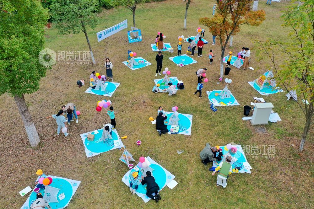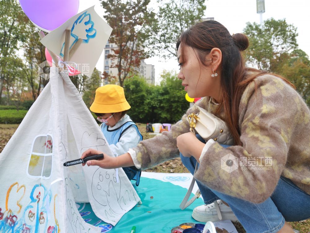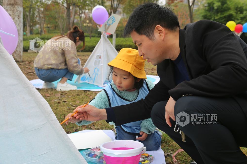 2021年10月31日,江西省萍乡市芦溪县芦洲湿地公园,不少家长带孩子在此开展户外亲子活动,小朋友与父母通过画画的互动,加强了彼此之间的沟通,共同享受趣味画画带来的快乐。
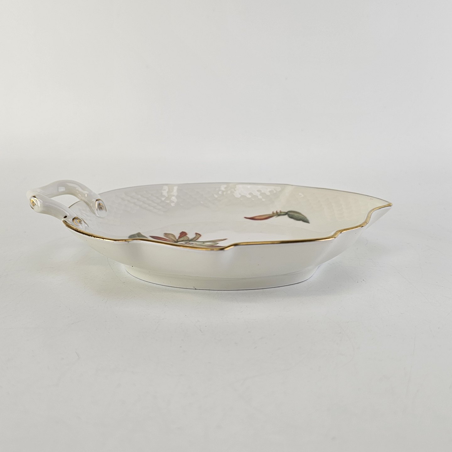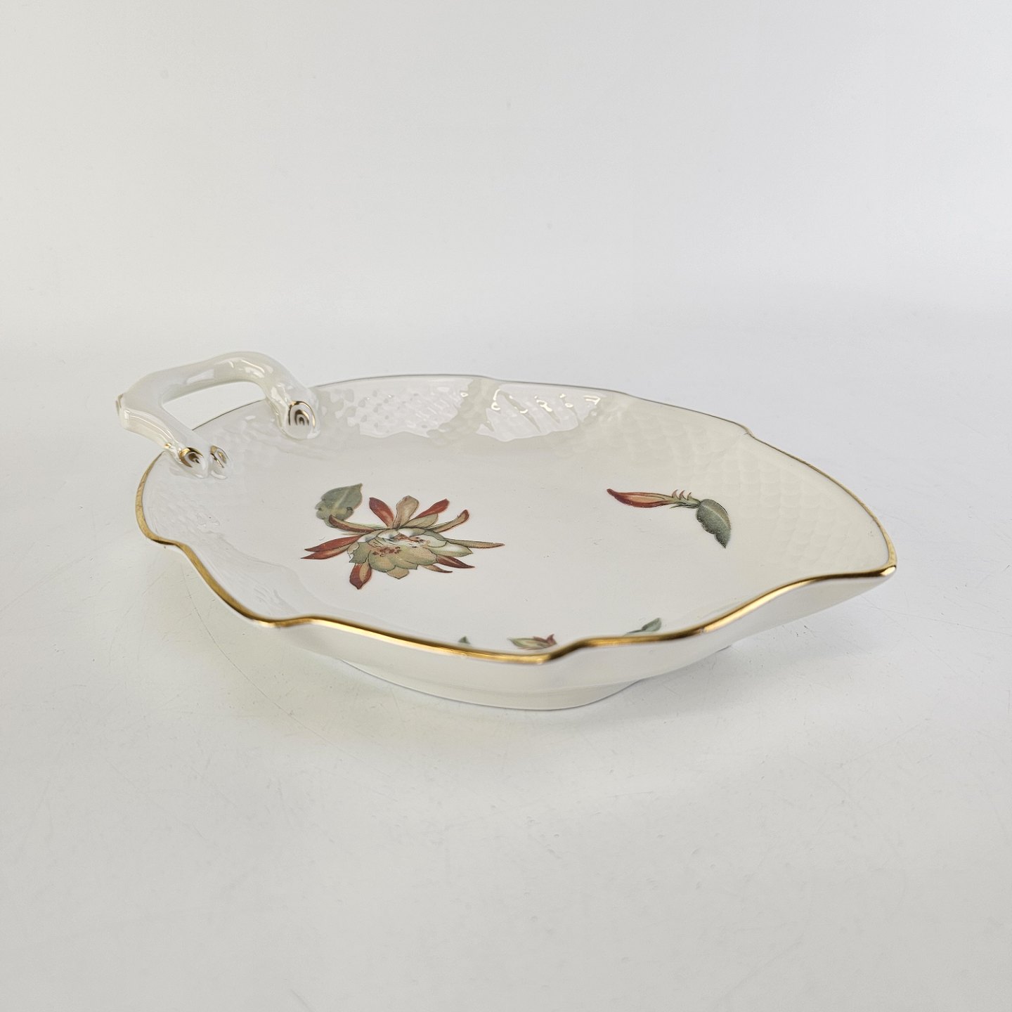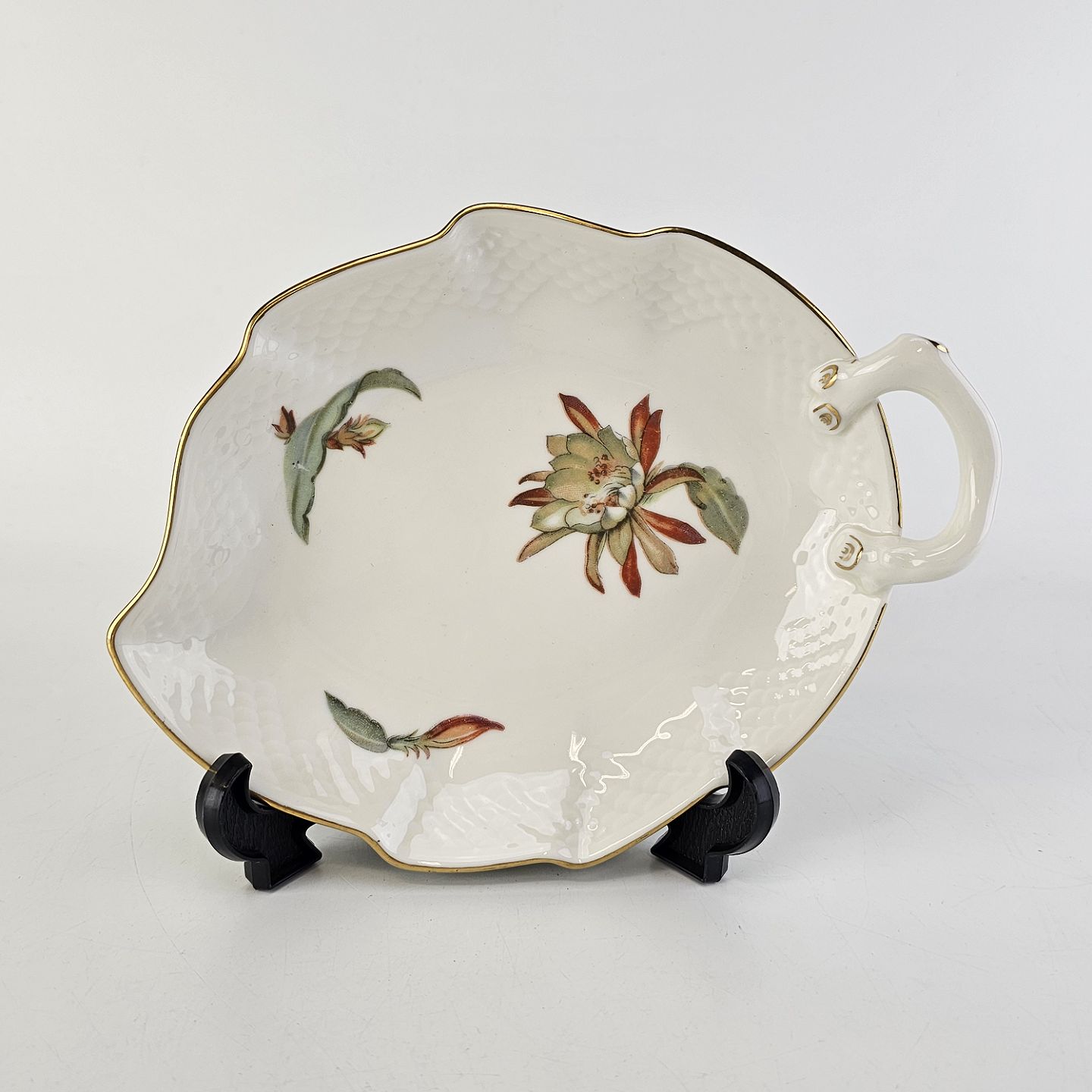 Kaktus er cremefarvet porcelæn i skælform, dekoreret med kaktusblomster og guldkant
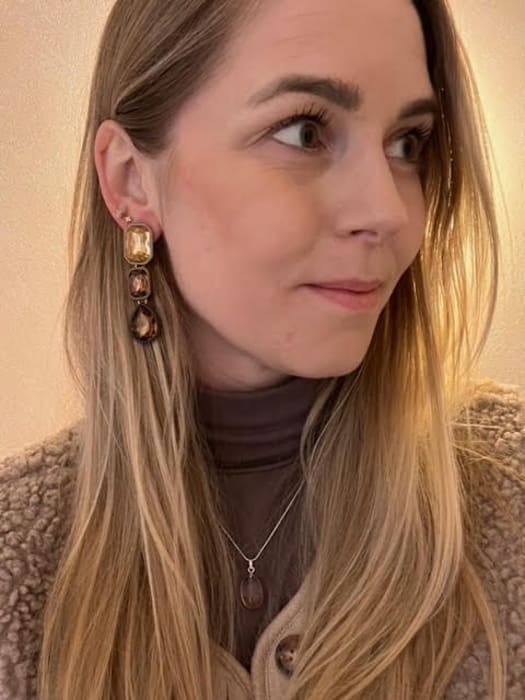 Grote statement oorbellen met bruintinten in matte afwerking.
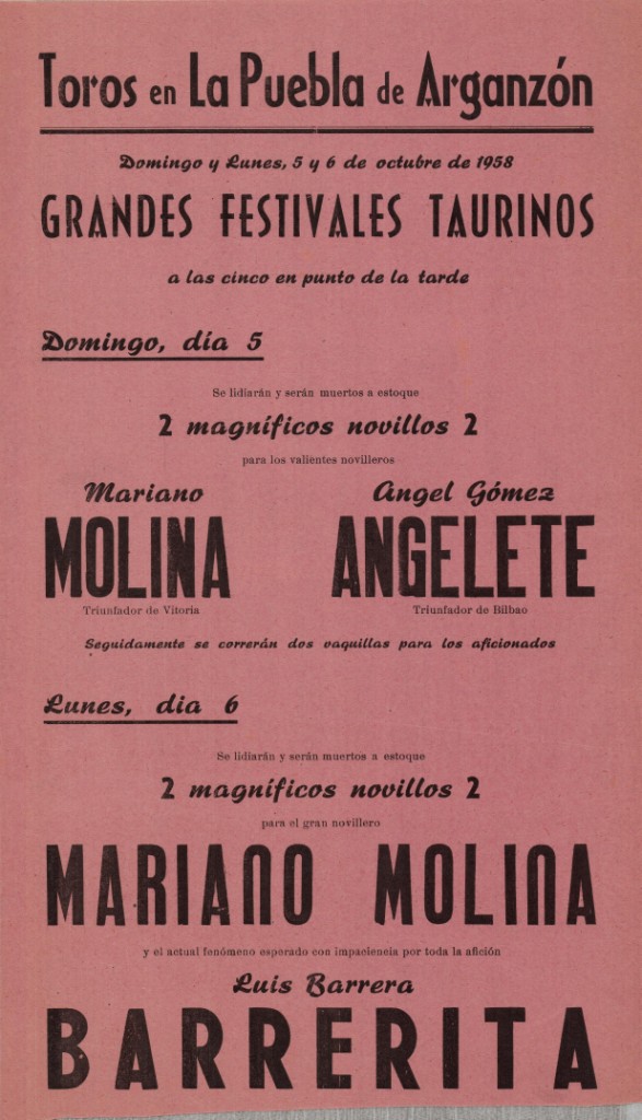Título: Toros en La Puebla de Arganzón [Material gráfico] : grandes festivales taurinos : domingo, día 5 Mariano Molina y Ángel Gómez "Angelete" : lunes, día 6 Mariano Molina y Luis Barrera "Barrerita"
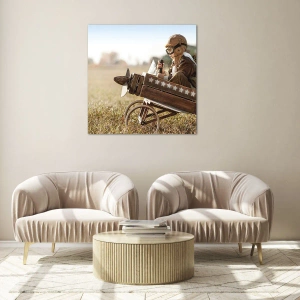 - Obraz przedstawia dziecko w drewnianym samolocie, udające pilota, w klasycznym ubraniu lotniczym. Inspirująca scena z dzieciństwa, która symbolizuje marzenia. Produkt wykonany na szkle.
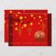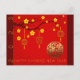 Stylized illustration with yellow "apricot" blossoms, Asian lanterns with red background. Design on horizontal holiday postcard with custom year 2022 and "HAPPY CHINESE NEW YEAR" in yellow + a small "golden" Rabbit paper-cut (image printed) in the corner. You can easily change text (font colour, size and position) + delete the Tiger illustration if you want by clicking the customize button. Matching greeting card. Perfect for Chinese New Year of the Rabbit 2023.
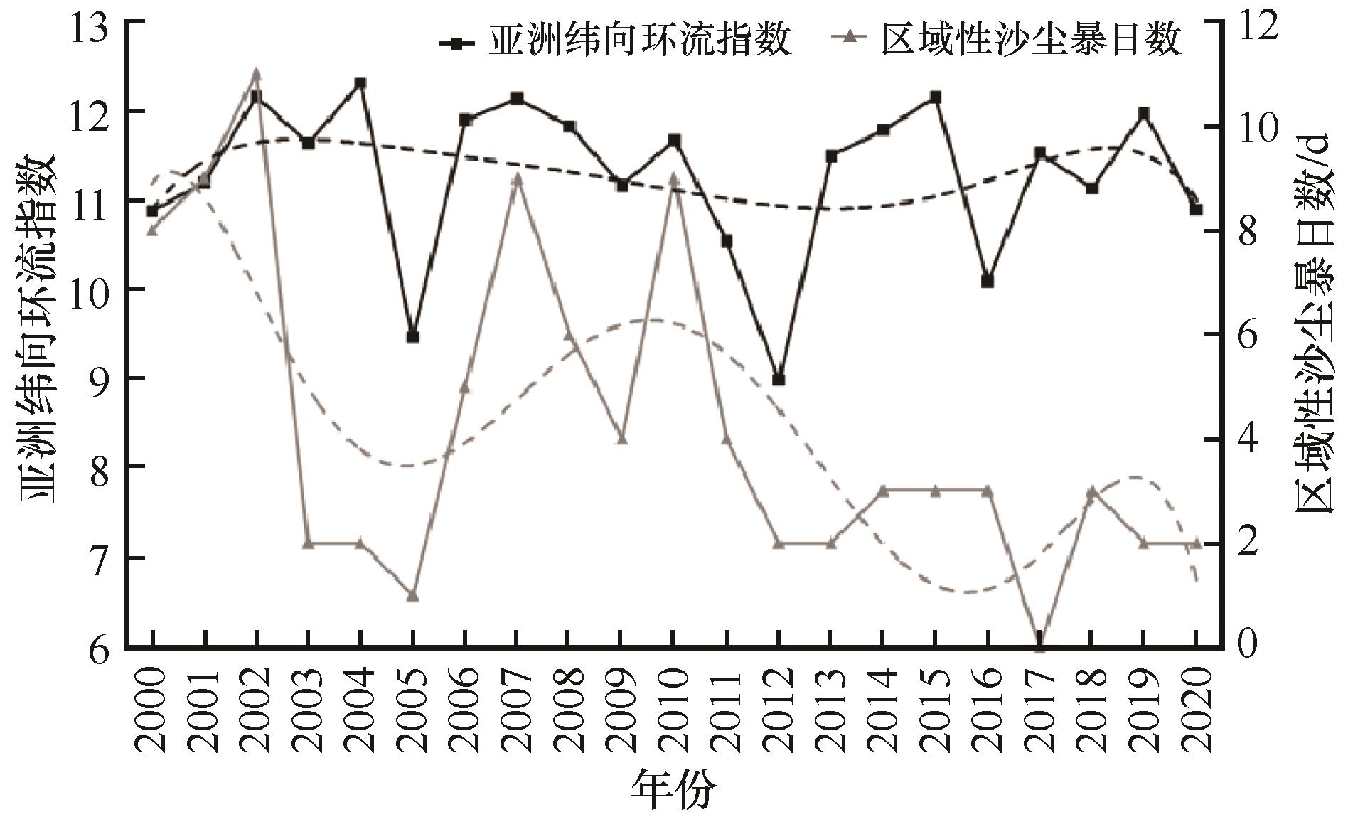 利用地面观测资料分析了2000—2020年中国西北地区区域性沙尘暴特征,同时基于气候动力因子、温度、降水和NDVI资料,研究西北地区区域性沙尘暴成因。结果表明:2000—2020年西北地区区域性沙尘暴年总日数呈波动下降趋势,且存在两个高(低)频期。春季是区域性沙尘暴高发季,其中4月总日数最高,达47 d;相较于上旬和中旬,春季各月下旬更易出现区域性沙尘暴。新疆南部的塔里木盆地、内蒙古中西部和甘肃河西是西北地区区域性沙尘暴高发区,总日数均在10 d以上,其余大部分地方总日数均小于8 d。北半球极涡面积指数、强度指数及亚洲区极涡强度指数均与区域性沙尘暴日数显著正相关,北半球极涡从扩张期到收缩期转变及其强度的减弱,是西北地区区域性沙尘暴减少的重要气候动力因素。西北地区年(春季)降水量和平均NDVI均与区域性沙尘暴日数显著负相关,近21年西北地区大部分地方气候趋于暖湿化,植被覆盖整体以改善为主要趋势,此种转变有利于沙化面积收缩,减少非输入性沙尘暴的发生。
▬▬▬▬▬▬
§ **WORK ORDER**
Each record above must be retyped exactly as given, with the images excluded.

§ **OUTPUT OF THE EXERCISE**
 2021年10月31日,江西省萍乡市芦溪县芦洲湿地公园,不少家长带孩子在此开展户外亲子活动,小朋友与父母通过画画的互动,加强了彼此之间的沟通,共同享受趣味画画带来的快乐。
 Kaktus er cremefarvet porcelæn i skælform, dekoreret med kaktusblomster og guldkant
 Grote statement oorbellen met bruintinten in matte afwerking.
Título: Toros en La Puebla de Arganzón [Material gráfico] : grandes festivales taurinos : domingo, día 5 Mariano Molina y Ángel Gómez "Angelete" : lunes, día 6 Mariano Molina y Luis Barrera "Barrerita"
 - Obraz przedstawia dziecko w drewnianym samolocie, udające pilota, w klasycznym ubraniu lotniczym. Inspirująca scena z dzieciństwa, która symbolizuje marzenia. Produkt wykonany na szkle.
 Stylized illustration with yellow "apricot" blossoms, Asian lanterns with red background. Design on horizontal holiday postcard with custom year 2022 and "HAPPY CHINESE NEW YEAR" in yellow + a small "golden" Rabbit paper-cut (image printed) in the corner. You can easily change text (font colour, size and position) + delete the Tiger illustration if you want by clicking the customize button. Matching greeting card. Perfect for Chinese New Year of the Rabbit 2023.
 利用地面观测资料分析了2000—2020年中国西北地区区域性沙尘暴特征,同时基于气候动力因子、温度、降水和NDVI资料,研究西北地区区域性沙尘暴成因。结果表明:2000—2020年西北地区区域性沙尘暴年总日数呈波动下降趋势,且存在两个高(低)频期。春季是区域性沙尘暴高发季,其中4月总日数最高,达47 d;相较于上旬和中旬,春季各月下旬更易出现区域性沙尘暴。新疆南部的塔里木盆地、内蒙古中西部和甘肃河西是西北地区区域性沙尘暴高发区,总日数均在10 d以上,其余大部分地方总日数均小于8 d。北半球极涡面积指数、强度指数及亚洲区极涡强度指数均与区域性沙尘暴日数显著正相关,北半球极涡从扩张期到收缩期转变及其强度的减弱,是西北地区区域性沙尘暴减少的重要气候动力因素。西北地区年(春季)降水量和平均NDVI均与区域性沙尘暴日数显著负相关,近21年西北地区大部分地方气候趋于暖湿化,植被覆盖整体以改善为主要趋势,此种转变有利于沙化面积收缩,减少非输入性沙尘暴的发生。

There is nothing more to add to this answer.